Bab 31

5.3K 308 6
                                    

Nathan

Tubuhku lunglai, memaksakan diri untuk bergerak di tempat tidur berkat alarm berdering. Berarti sekarang sudah menunjukan pukul tujuh pagi, dan ini hari akhir pekan, jadi aku nggak perlu bersusah payah membuka semua mataku untuk bergegas bangkit karena hari ini aku libur dan tidak ada jadwal ketemu klien. Tanpa berpikir panjang aku mematikan alarm di ponselku secepat mungkin lalu aku melanjutkan tidurku.

Satu tanganku mulai mengelus sesuatu yang empuk dan hangat. Rasa nyamannya mengantarkanku ke mimpi.

Semakin lama terasa nyaman, aku merasakan sesuatu itu berubah menajdi terasa kenyal. Tanpa sadar tanganku merabanya. Rasanya aneh. Sesuatu yang kenyal itu membuat kesadaranku terkumpul dan sontak aku membuka mataku seratus persen dan melihat sesuatu yang seketika membuat aku tercengang di tempat.

Ternyata tanganku tertimpa tubuh El dan telapak tanganku memegang sesuatu yang seharusnya tak kusentuh sedari tadi.

Sial. Aku langsung menjauhi tanganku, tidak peduli jika pria tua itu terbangun. Tapi dia pun terlihat tidak terganggu setelah aku menarik paksa tanganku dan bergerak gusar menjauh darinya. Aku mulai ingat, semalam kami sudah menghabiskan satu botol wine dalam satu malam lalu kami mabuk. Terakhir aku mengantuk karena terpengaruh alkohol dan tidur duluan, mungkin setelah aku tertidur El menyusul dan tidur di tempat tidurku.

Perlahan aku mengusap mataku, sekali lagi melirik ponsel yang sudah menunjukan pukul tujuh lewat sepuluh menit. Lalu aku bangkit untuk mencuci muka dan melangkah menuju dapur. Mendadak perutku merintih lapar setelah mencium aroma masakan.

Tampak Bi Ida sudah sibuk di dapur bersama Milly. Dari anak tangga yang kupijaki aku melihat mereka sudah saling berkenalan, sebab mereka tengah asik mengobrol dan kompak membuat nasi goreng dengan tambahan lain untuk dihidangkan ke meja makan.

"Oh—pagi Nathan, kamu sudah bangun." Milly tampak terkesiap melihatku yang sudah tiba di meja makan sambil memperhatikannya membawa sebuah piring besar berisi nasi goreng yang baru saja matang dan ia letakan hati-hati di atas meja.

"Lyana belum bangun?" tanyaku sambil mengitari sekitar. Tidak mendapati sosok gadis kecil yang kuharapkan kehadirannya.

"Belum. Masih tidur di kamar." Ucapnya sambil membereskan alat makan di atas meja.

Tanpa aku mengatakan apapun lagi dan melihat Milly membantu Bi Ida membereskan dapur, aku langsung beranjak ke kamar Lyana. Melalui celah kamar yang terbuka, aku mengintip gadis kecilku yang masih tidur memunggungiku di sana. Perlahan aku masuk ke kamar, lalu mendekati tempat tidur dan duduk di samping punggung Lyana.
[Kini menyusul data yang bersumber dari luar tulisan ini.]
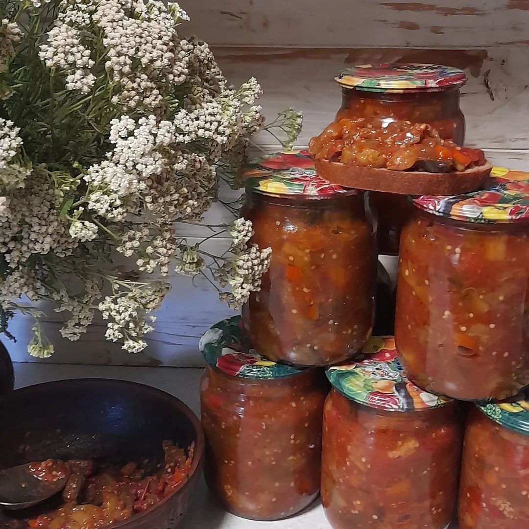 Інгредієнти: 2 кг баклажанів, 3 кг помідорів, 1,5 кг болгарського перцю, 2 стручки гострого перцю, 4 голівки часнику, 250 олії, 200 г цукру, 200 мл оцту 9%, 2 ст. л. солі (з гіркою).
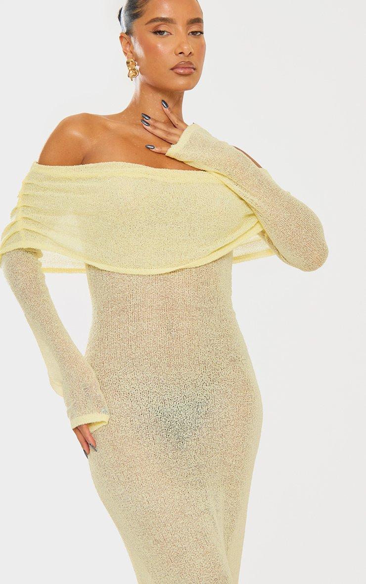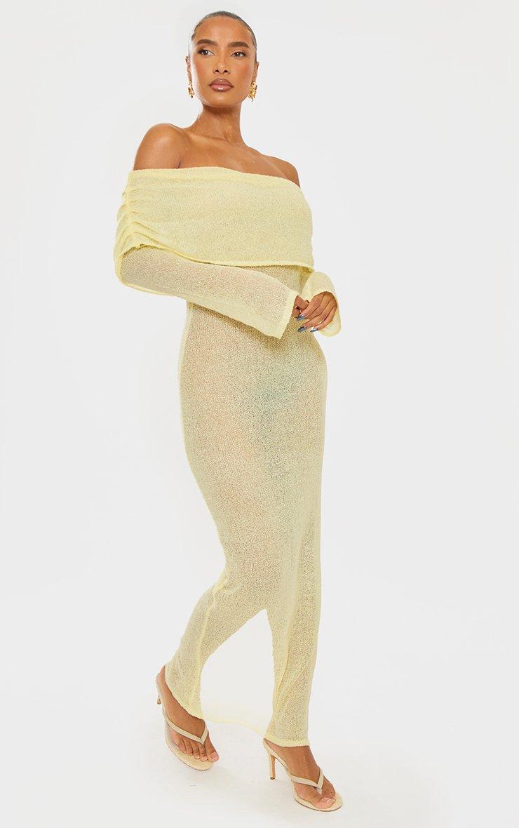 Bardot Fold Over Long Sleeve Beach Maxi Dress In Yellow
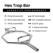 The Barbell Standard Hex Bar (aka Trap Bar, same thing with a different name) improves deadlift form and adds versatility to your workout routine. The hex bar design allows you to keep the weight aligned with your center of gravity, reducing the load on your lower back during deadlifts and unlocking new exercises in your gym. Forged from 188,000 PSI steel with a 1.5 medium knurl and two sets of grip options, the Barbell Standard Hex Bar is built for safety, reliability, and versatility.
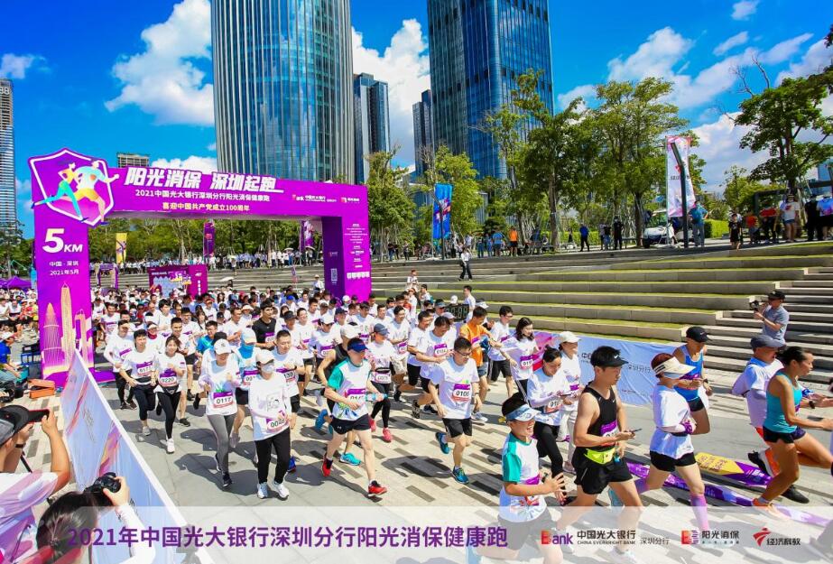 深圳新聞網(wǎng)?見圳客戶端2021年5月15日訊 今日,由中國光大銀行深圳分行主辦的“陽光消保,深圳起跑”2021中國光大銀行深圳分行陽光消保健康跑在深圳人才公園歡樂開啟。上千位運(yùn)動(dòng)愛好者用腳步跑贏金融消費(fèi)“套路”,用奔跑的方式共同守護(hù)財(cái)富健康,奔向健康人生。
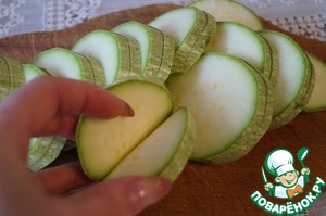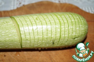 Кабачок помыть, обсушить и нарезать тонкими кружочками, НО! не разрезая до конца.
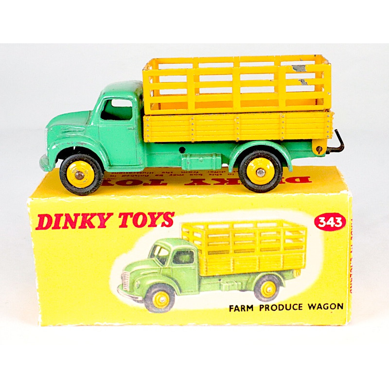 De Dinky Toys 343 Dodge Farm Produce Wagon, geproduceerd tussen 1954 en 1964, is een charmant schaalmodel dat de landelijke en agrarische sfeer van de vroege jaren '50 en '60 vastlegt. Dit model vertegenwoordigt een Dodge Farm Produce Wagon, een type vrachtwagen dat veel werd gebruikt voor het transporteren van landbouwproducten zoals groenten en fruit van boerderijen naar markten en winkels. De Dodge, een iconisch merk uit die periode, was bekend om zijn robuuste voertuigen die geschikt waren voor diverse transporttaken.

Helaian rambut panjangnya menutupi wajah cantiknya, tanganku langsung berinisiatif untuk menarik helai demi helai rambut itu ke daun telinga Lyana. Aku tersenyum. Lyana benar-benar sangat cantik di mataku walau sedang tertidur.

Sengaja melupakan status Lyana sebagai keponakanku, kini yang aku pandangi adalah sosok perempuan cantik yang berhasil menguasai hati dan pikiranku. Rasanya aku ingin sekali mengabadikan wajah cantik ini di ponselku dan aku simpan sebagai wallpaper. Masa bodoh dengan pikiran kekanak-kanakanku ini. Tapi sayang aku lagi tidak membawa ponselku. Kalau aku bawa, pasti aku sudah merealisasikan niatku dan langsung aku pajang untuk memamerkannya pada Ken.

Sudah bisa kubayangkan wajah kesalnya karena iri ketika dia tahu Lyana-lah kekasihku. Aku terkekeh pelan.

Tapi, pada kenyataannya aku masih belum siap memberitahu Ken kalau Lyana kekasihku.

"Om Nathan, pagi." aku terkesiap ketika Lyana bergerak dan menyapaku. Tapi aku langsung membalas sapa hangatnya lalu membungkukan badanku agar aku bisa mengecup pipinya.